What you will do:
Please output the listing exactly as it stands, but omit any images.

Provided material:
──────────
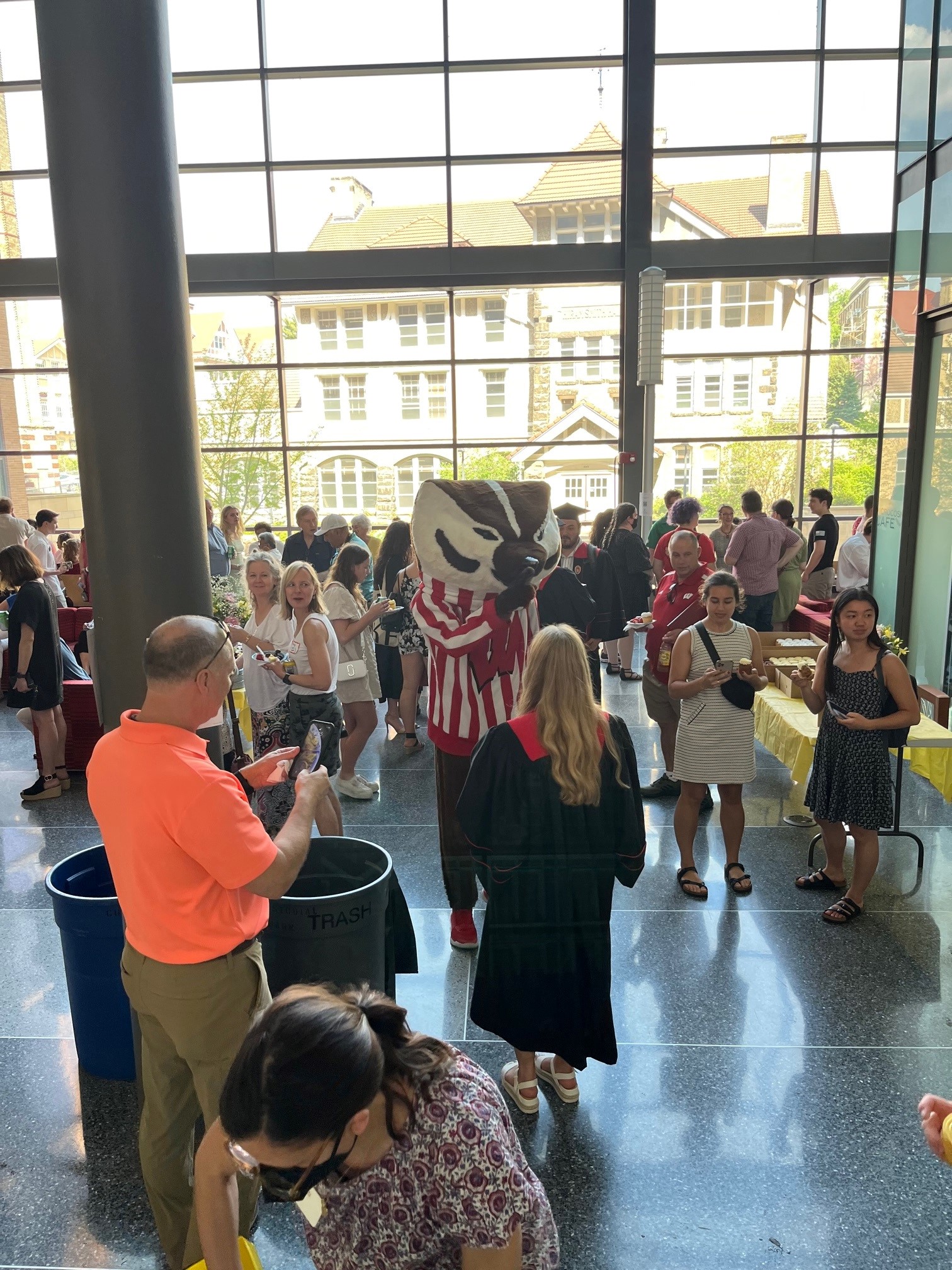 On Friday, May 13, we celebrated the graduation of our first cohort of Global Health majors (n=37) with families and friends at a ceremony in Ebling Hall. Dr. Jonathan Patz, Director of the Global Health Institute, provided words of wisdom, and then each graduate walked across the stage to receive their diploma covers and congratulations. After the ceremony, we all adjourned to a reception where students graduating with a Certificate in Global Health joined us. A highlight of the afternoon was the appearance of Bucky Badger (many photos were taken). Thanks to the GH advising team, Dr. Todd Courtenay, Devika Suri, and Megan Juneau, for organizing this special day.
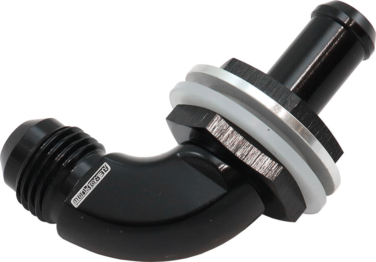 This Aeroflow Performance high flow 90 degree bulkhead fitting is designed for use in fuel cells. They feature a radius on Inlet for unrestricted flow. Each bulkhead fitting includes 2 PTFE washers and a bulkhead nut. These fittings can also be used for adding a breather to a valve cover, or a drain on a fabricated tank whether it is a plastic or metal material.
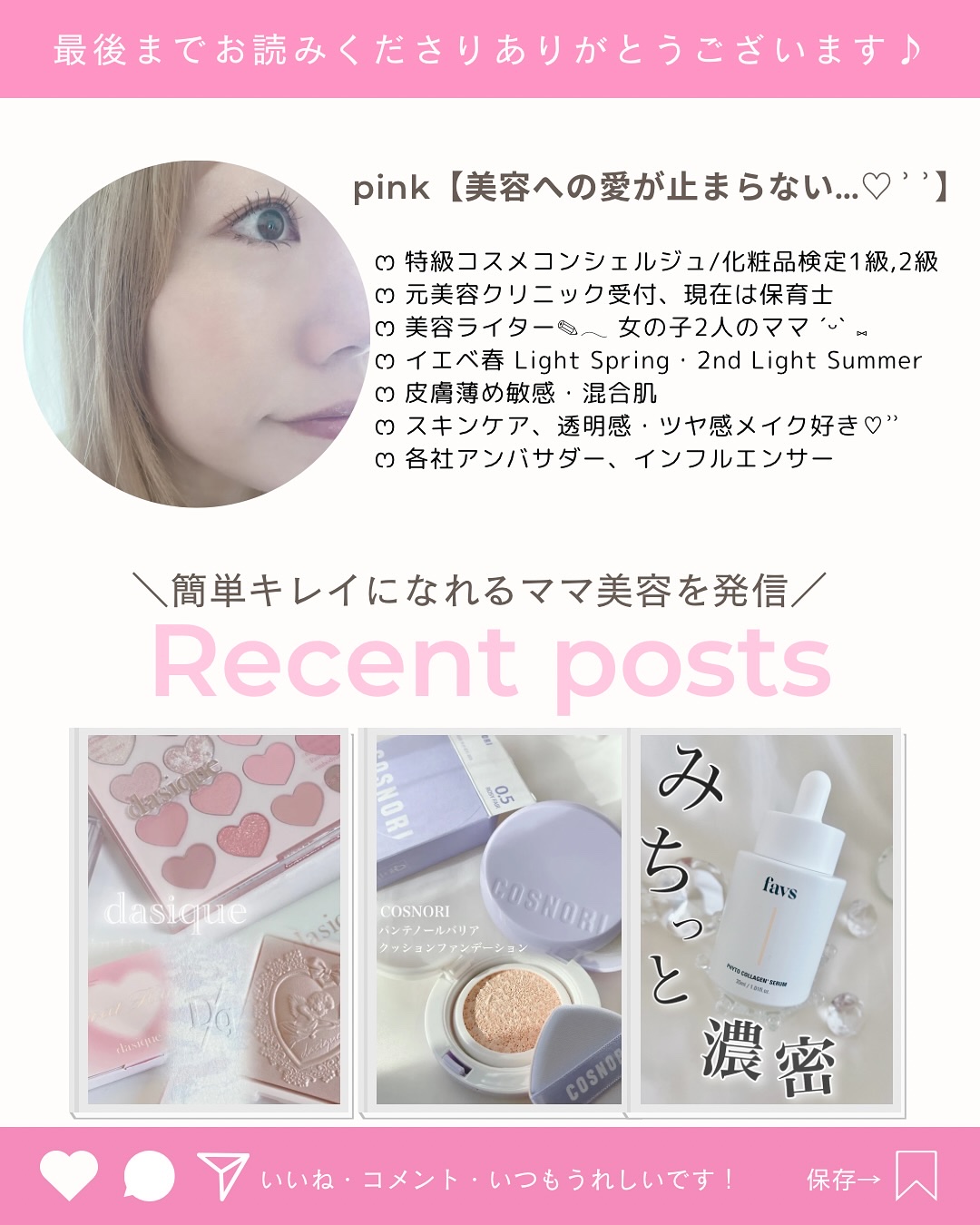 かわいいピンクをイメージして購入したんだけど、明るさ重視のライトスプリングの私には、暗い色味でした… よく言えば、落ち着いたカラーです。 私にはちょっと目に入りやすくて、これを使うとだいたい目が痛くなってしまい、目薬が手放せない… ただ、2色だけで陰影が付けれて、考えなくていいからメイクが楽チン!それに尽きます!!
──────────
Solution to this exercise:
 On Friday, May 13, we celebrated the graduation of our first cohort of Global Health majors (n=37) with families and friends at a ceremony in Ebling Hall. Dr. Jonathan Patz, Director of the Global Health Institute, provided words of wisdom, and then each graduate walked across the stage to receive their diploma covers and congratulations. After the ceremony, we all adjourned to a reception where students graduating with a Certificate in Global Health joined us. A highlight of the afternoon was the appearance of Bucky Badger (many photos were taken). Thanks to the GH advising team, Dr. Todd Courtenay, Devika Suri, and Megan Juneau, for organizing this special day.
 This Aeroflow Performance high flow 90 degree bulkhead fitting is designed for use in fuel cells. They feature a radius on Inlet for unrestricted flow. Each bulkhead fitting includes 2 PTFE washers and a bulkhead nut. These fittings can also be used for adding a breather to a valve cover, or a drain on a fabricated tank whether it is a plastic or metal material.
 かわいいピンクをイメージして購入したんだけど、明るさ重視のライトスプリングの私には、暗い色味でした… よく言えば、落ち着いたカラーです。 私にはちょっと目に入りやすくて、これを使うとだいたい目が痛くなってしまい、目薬が手放せない… ただ、2色だけで陰影が付けれて、考えなくていいからメイクが楽チン!それに尽きます!!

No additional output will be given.